1. Home
  2. Environment
  3. Why Are Gray Whales Getting Lost?

Why Are Gray Whales Getting Lost?

By Antonia Čirjak January 31 2020

Young Grey whale
Young Grey whale

Gray whales are baleen whales found in the North Pacific. They are also called gray back whales, California gray whales, or the Pacific gray whales. Every year these majestic mammals migrate between the areas where they breed to their feeding grounds.
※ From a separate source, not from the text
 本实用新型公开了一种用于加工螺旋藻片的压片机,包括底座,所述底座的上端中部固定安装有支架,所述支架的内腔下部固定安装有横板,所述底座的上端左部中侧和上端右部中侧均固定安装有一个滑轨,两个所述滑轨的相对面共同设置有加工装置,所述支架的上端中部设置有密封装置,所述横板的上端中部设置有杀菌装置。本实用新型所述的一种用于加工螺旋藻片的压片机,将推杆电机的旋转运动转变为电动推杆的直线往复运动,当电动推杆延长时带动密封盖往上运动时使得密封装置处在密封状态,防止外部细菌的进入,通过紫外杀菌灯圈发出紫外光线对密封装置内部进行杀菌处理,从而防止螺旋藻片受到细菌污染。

Gray whales are known to fight back when being hunted, which earned them the nickname “the devil fish.” They are the only living descendants of their genus, which appeared over 30 million years ago.
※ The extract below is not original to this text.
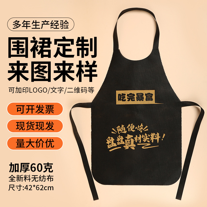 一次性围裙火锅店吃小龙虾餐饮客人成人专用兜无纺布定制logo印字
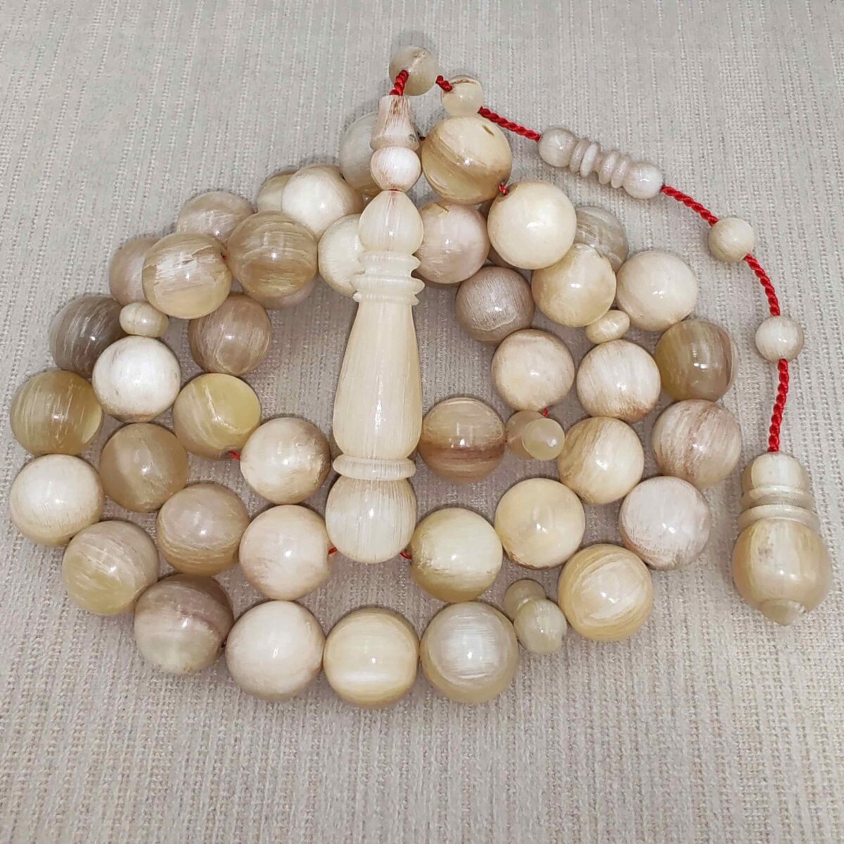 مسباح قرن الضأن الطبيعي جميل جدا عدد الخرز 47 خرزة قياس الخرز 10 مل

The Influence Of Solar Storms 

As previously mentioned, gray whales migrate yearly, which can point to their close relationship with the sun and its cycles, according to recent research. During the time of migration, gray whales tend to get lost when there is a high chance of sunspots occurring. That is when radio waves being emitted from solar storms are extraordinarily high, and that is the primary influence on the gray whales’ habit of getting lost. 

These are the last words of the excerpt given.